As it is written. This phrase is a common introduction to Old Testament questions. It is used to emphasize continuity and permanence, and implies that divine authority is behind it. It is

God’s word that proves the sweeping declaration that the whole human race is doomed. Not even one single solitary individual can stand before God on his own merit and hope for God to pardon his sin and accept him into the family of heaven…not one!

There is none righteous, no, not one. This same idea is seen throughout the Old Testament and is summarized in Psalm 14:1–3. “The fool has said in his heart, ‘There is no God.’ They are corrupt, They have done abominable works, There is none who does good. The Lord looks down from heaven upon the children of men, To see if there are any who understand, who seek God.
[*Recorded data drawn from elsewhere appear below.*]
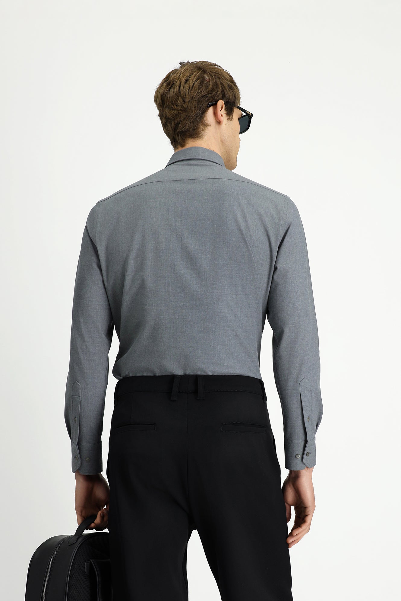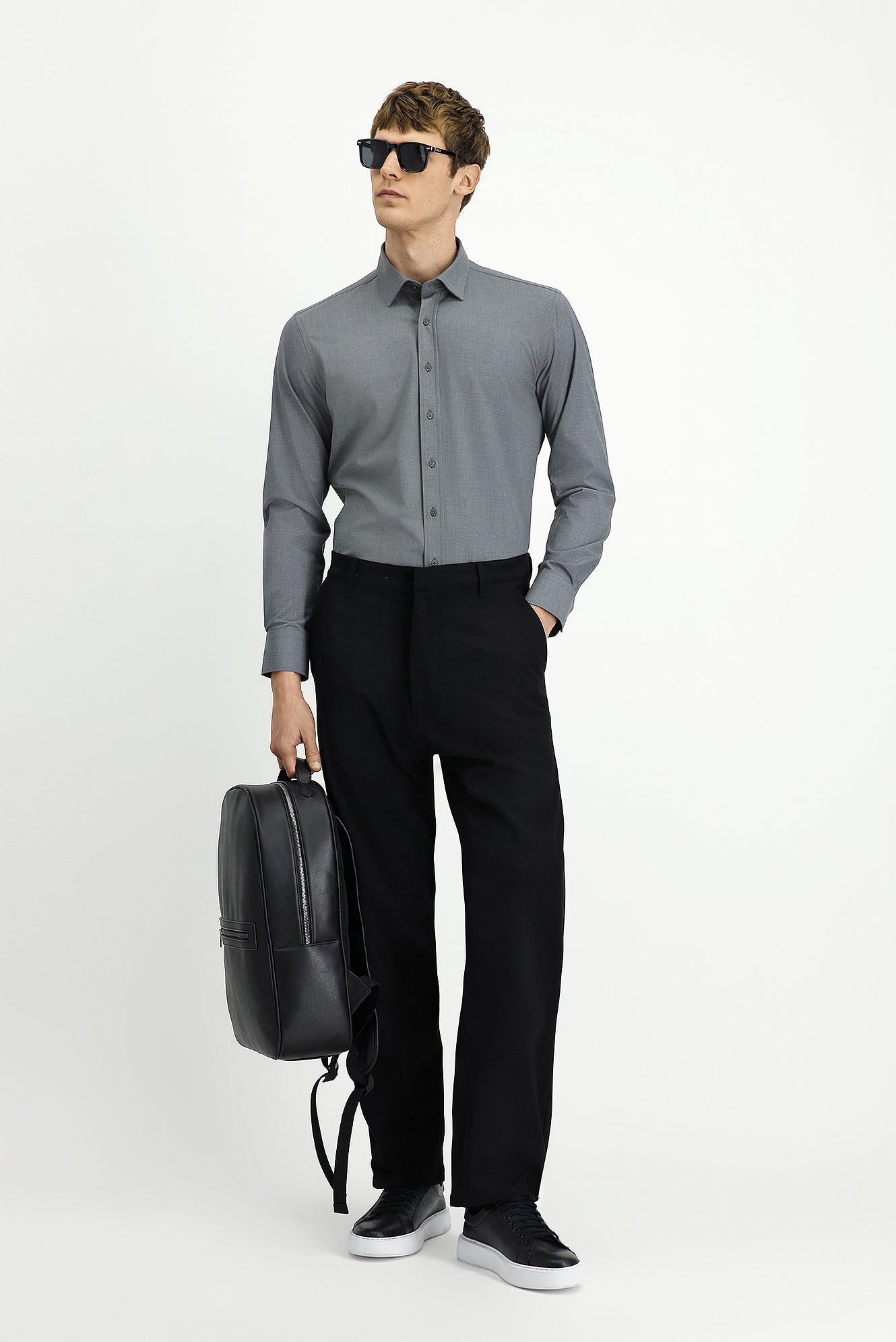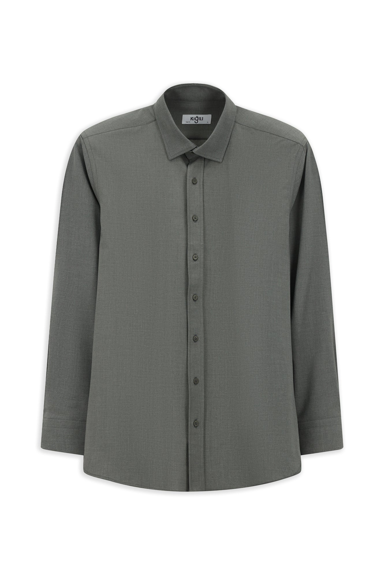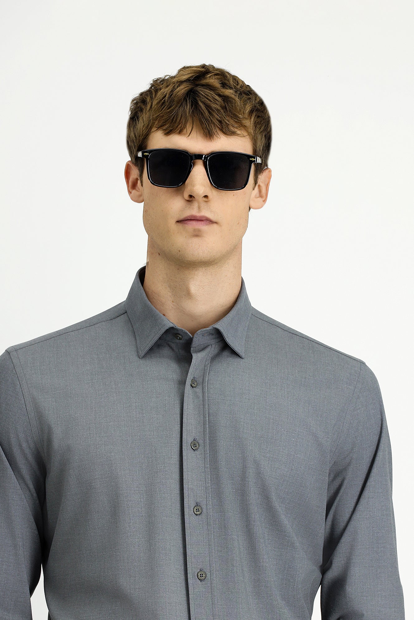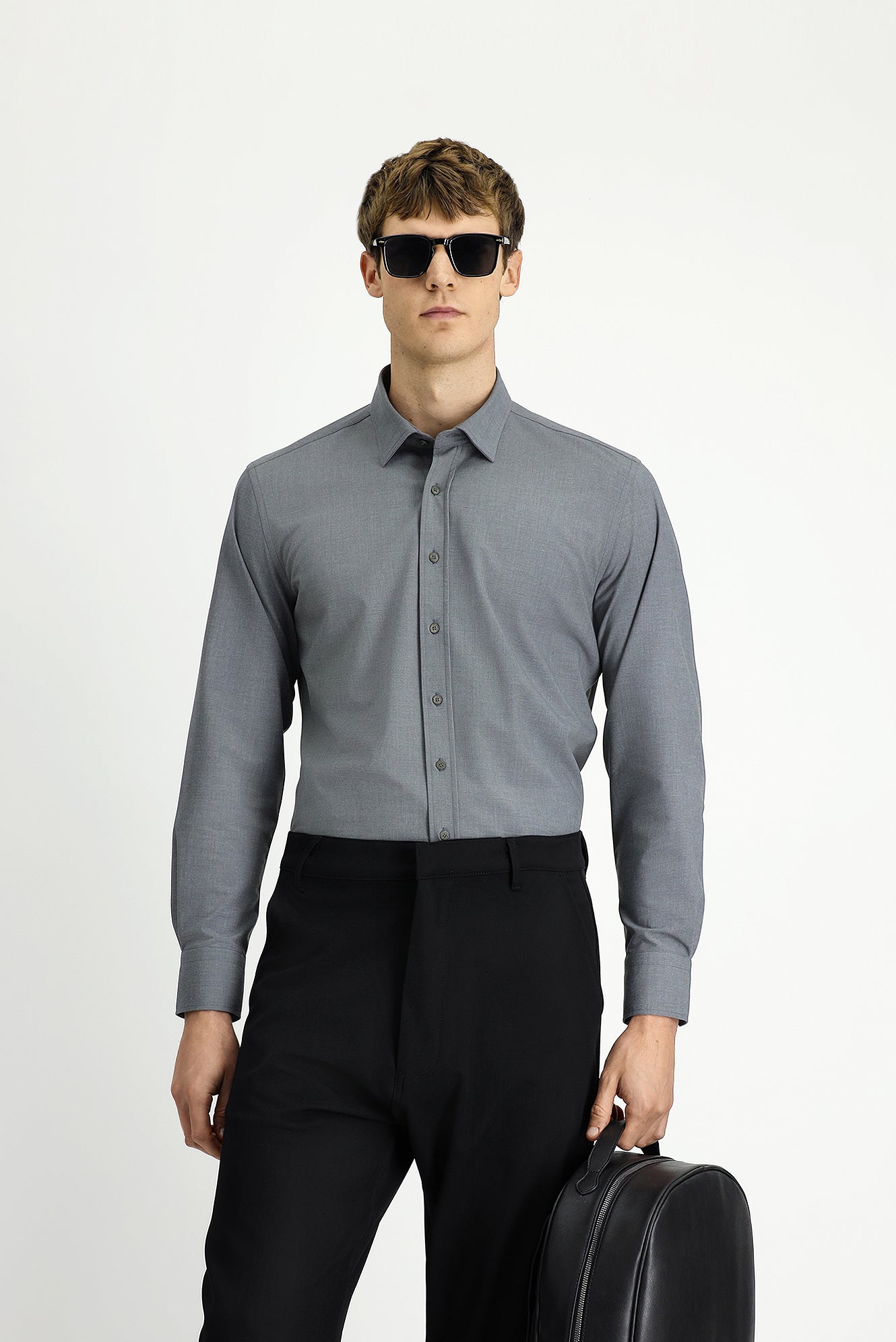 Orta Antrasit Uzun Kol Slim Fit Dar Kesim Pamuklu Gömlek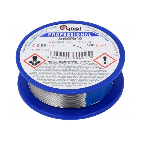 Drut lutowniczy wykonany ze stopu Sn60Pb40 przeznaczony jest do lutowania miękkiego w przemyśle elektronicznym. Spoiwo o średnicy 0,56 mm wyposażone jest w trzy rdzenie topnika SW26, który charakteryzuje się składem halogenkowym, kalafoniowym oraz typem No Clean ROL1. Zawartość topnika w drucie wynosi 2,5%, co zapewnia efektywne zwilżanie powierzchni podczas procesu lutowania.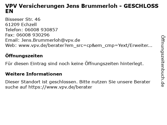 | VPV Versicherungen Jens Brummerloh - GESCHLOSSEN anrufen | |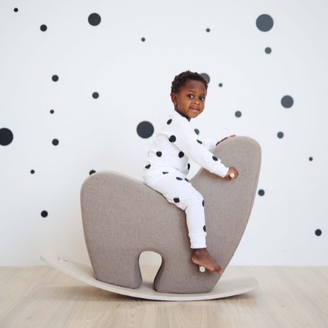 Hvem siger at en gyngehest skal ligne en rigtig hest en til en? Ikke Ooh Noo, der har designet en smuk, enkel og stilren variant af den ellers klassiske gyngehest. Bunden består af en træplade, der gør den meget stabil og "vælte-sikker". Selve hesten er lavet i skum med metalskelet. Skummet er herefter betrukket med hør, så den er rar at røre ved og sidde på. Håndtag og fodstøtter er i træ ligesom bunden af gyngehesten. Gyngehesten har vundet den eftertragtede reddot award. Her er den i en grå variant, der passer til et større barn og en legesyg voksen, da den kan bære op til 90 kilo.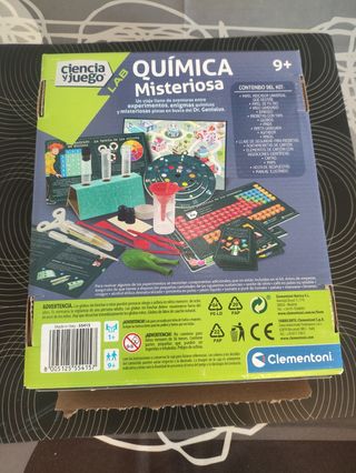 Juego de ciencia Clementoni, Química Misteriosa. Ideal para niños a partir de 9 años. Incluye numerosos componentes para realizar experimentos de forma segura. Dispone de una rueda para resolver enigmas y un misterio fascinante por resolver. El juego está nuevo, sin usar, sólo desprecintado. - Muchos componentes para experimentos seguros. - Rueda para resolver enigmas. - Misterio fascinante.
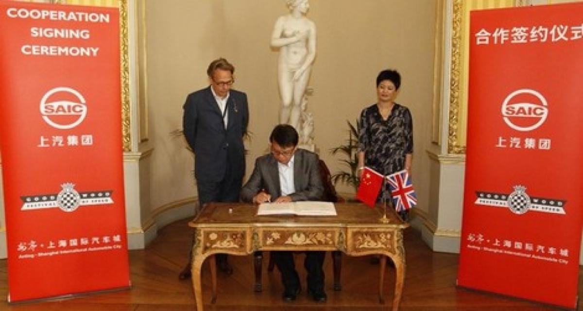 La scène est désormais familière: un patron d’industrie Chinois (Chen Zhi Xin, N°2 de SAIC) paraphe un document préliminaire de partenariat avec un occidental, sous les yeux d’un(e) officiel(le) local(e) (Li Xue, du conseil d’Anting.) Sauf que le partenaire occidental n’est pas un industriel, mais Lord March, propriétaire du circuit de Goodwood.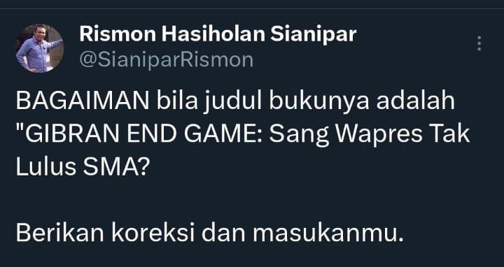 “BAGAIMANA bila judul bukunya adalah “GIBRAN END GAME: Sang Wapres Tak Lulus SMA? Berikan koreksi dan masukanmu,” kata Rismon di media sosial X.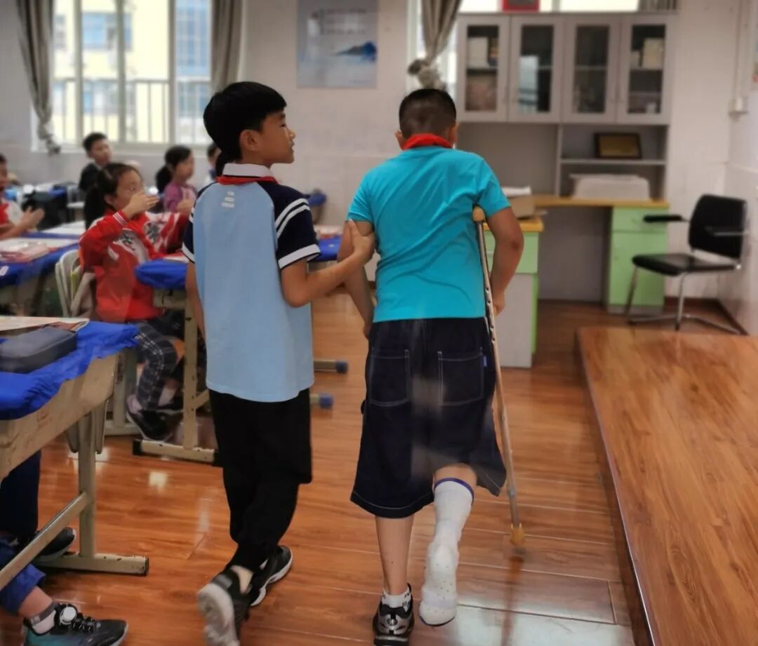 六年级队员将爱与责任延伸至校园之外。他们组成志愿服务队,走进周边社区。“环保小卫士”们清理垃圾、擦拭设施;“爱心小天使”们为老人送去关怀。他们用卓越的行动力,展现了湖滨学子的良好风貌。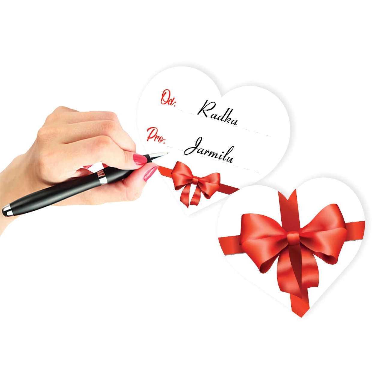 Στιλάτη σατέν κορδέλα και χάρτινη ετικέτα σε σχήμα καρδιάς για προσωπικό μήνυμα κάνουν το αρκουδάκι ένα τέλειο δώρο.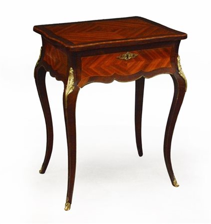 Tavolino da lavoro di forma mossa lastronato e filettato, guarnizioni in bronzo dorato. (difetti)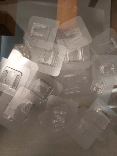 Вместо десяти в довольно таки большой упаковке, оказалось девять и ещё одна покоцанная бэушная половинка (?). Один крючок состоит из двух частей (половинок), какие-то вставляются плотно, а какие болтаются. Какой-то ширпотреб (а чего ещё ожидать) и пофигизм продавца - считать не умеет.
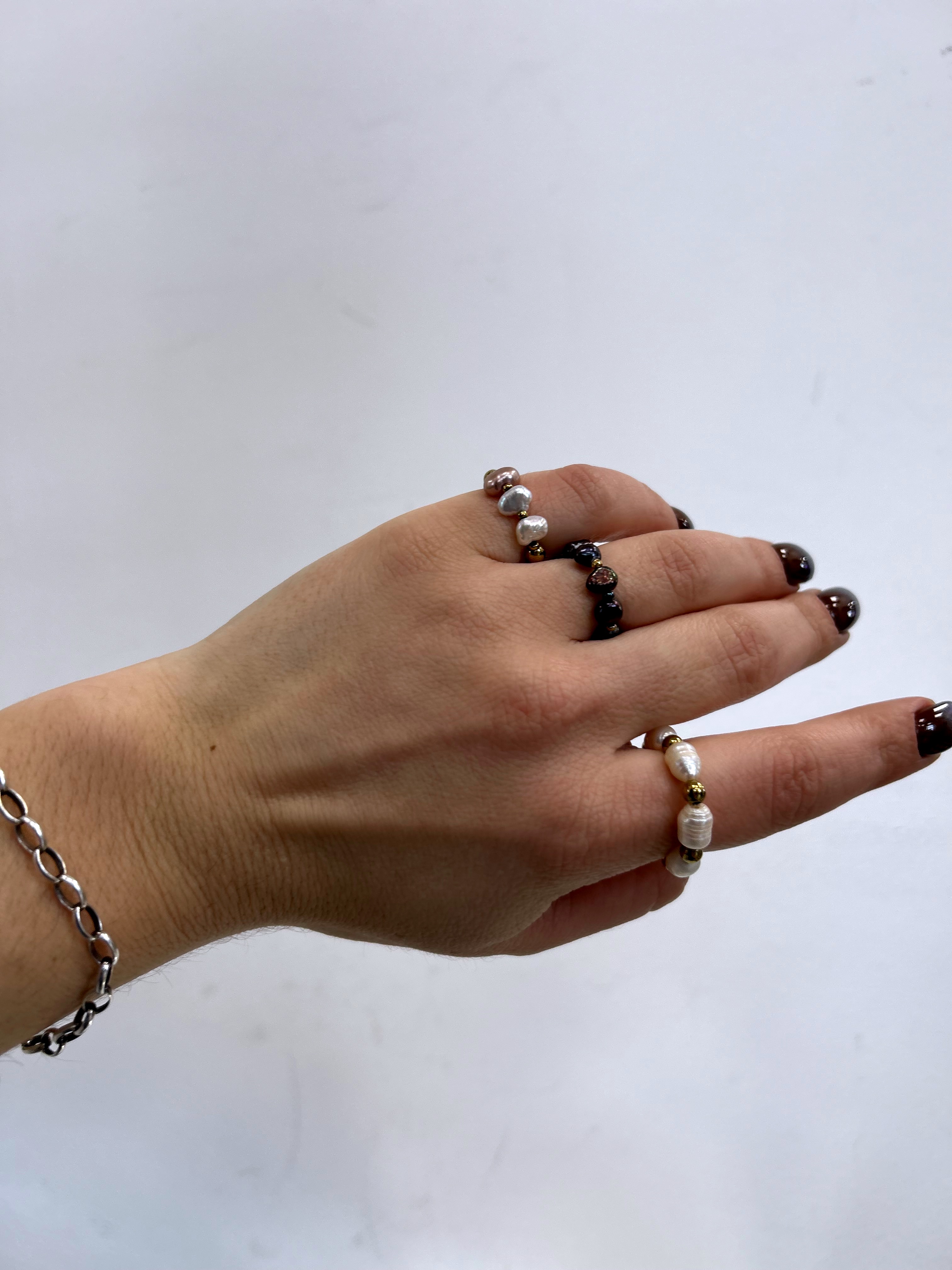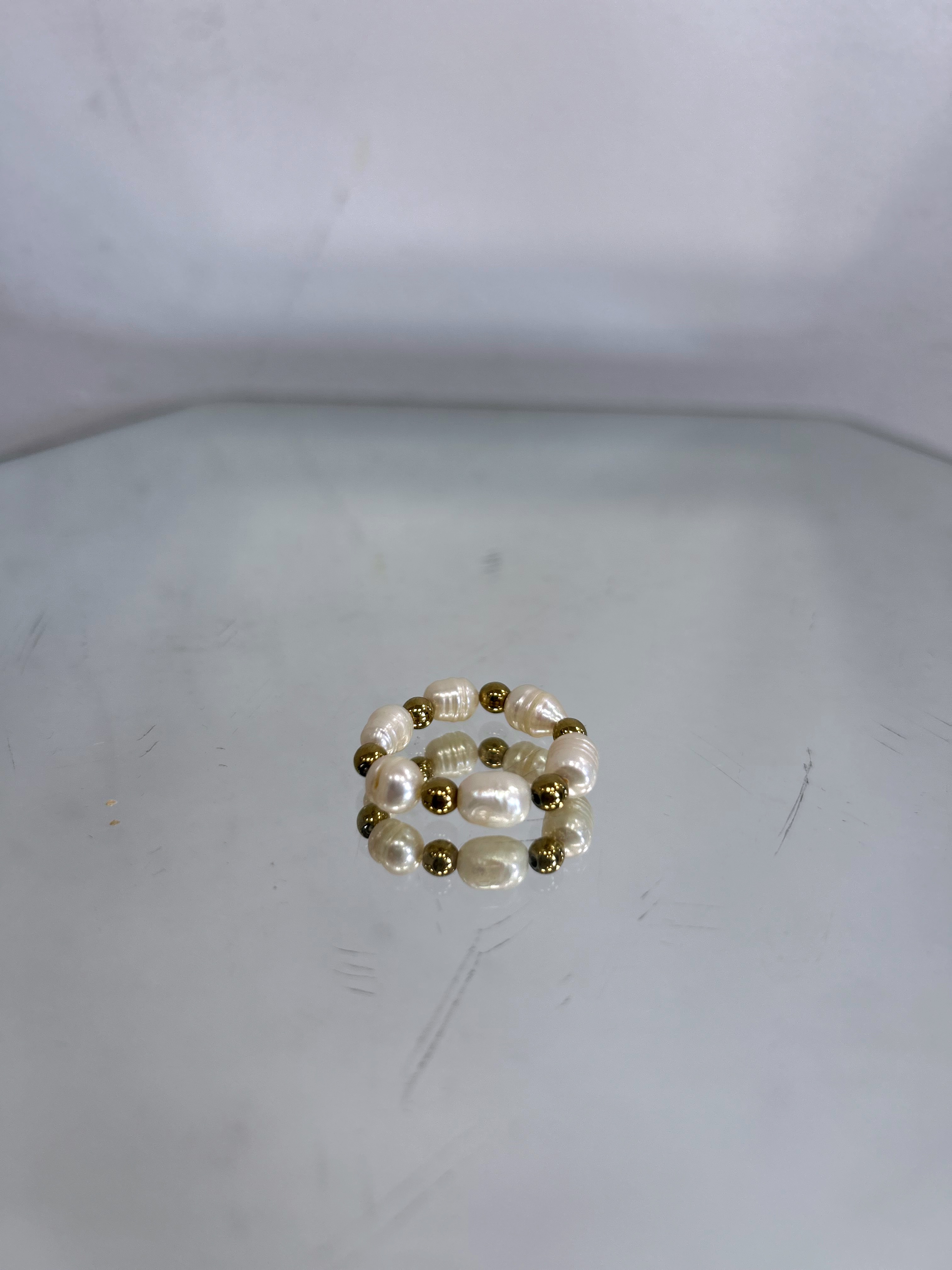 Pierścionek hand made perły naturalne złoty hematyt

They have all turned aside, They have together become corrupt; There is none who does good, No, not one.” We might paraphrase the last part of this verse as follows: “There is not a single righteous person.” Righteousness is not only the key word in this epistle; it is also the measure by which sin is judged.

11 There is none who understands; There is none who seeks after God.

There is none who understands. Here understanding is not mental but spiritual. The world is totally lacking in spiritual discernment: “Having their understanding darkened, being alienated from the life of God, because of the ignorance that is in them, because of the blindness of their heart” (Eph 4:18). The natural man may not be mentally deranged, but he is certainly spiritually deranged and incapable of spiritual understanding: “But the natural man does not receive the things of the Spirit of God, for they are foolishness to him; nor can he know them, because they are spiritually discerned” (I Cor 2:14).

There is none who seeks after God. In Psalm 53:2–3 David remarked that there is no man who naturally seeks after God, because man is sinful—“God looks down from heaven on humankind to see if there are any who are wise, who seek after God. They have all fallen away, they are all alike perverse; there is no one who does good, no, not one.” When the sinner is drawn by God, he then seeks the Lord Jesus Christ in repentance and confession. “No one can come to Me unless the Father who sent Me draws him…” (Jn 6:44). There is no one who has a right understanding of God. If left to himself, fallen man would never seek God. It is only through the work of the Holy Spirit that anyone ever does. Because he naturally does not seek the Lord, man gives evidence of being guilty of unrighteousness.

12 They have all turned aside; They have together become unprofitable; There is none who does good, no, not one.”

They have all turned aside. Man has not only “missed the mark,” he has also “perverted his path.” In this quote from Psalms 14:3 and 53:4, the picture is of a camel caravan crossing the desert which has strayed from the route and cannot return to the proper path. They are doomed. They left the way they knew was right. Primitive tribes have a tradition that way back at one time their forefathers knew the living and true God. But along the way to the present day, they lost God and took up the worship of idols made to represent animals and birds. If you are honest you know that you are not doing what you ought to do. Furthermore, you are not going to do it, although you know what it is. You have turned aside. Man has lost his way by deviating from God’s prescribed route of righteousness.

They have together become unprofitable. Man is unuseful, of no benefit. Like salt that has lost its savor or fruit that hast become rotten, so all men are viewed as useless, rotten, corrupted when compared to the righteousness of Christ.
There is none who does good, no, not one. Again the written indictment comes from Psalm 14. This means that he can do nothing of spiritual or eternal value. No matter what he does, as far as righteousness is concerned, it is nothing but filthy rags (Isa 64:6). "There is not one who lives a good life, no, not one” (Ps. 14:3).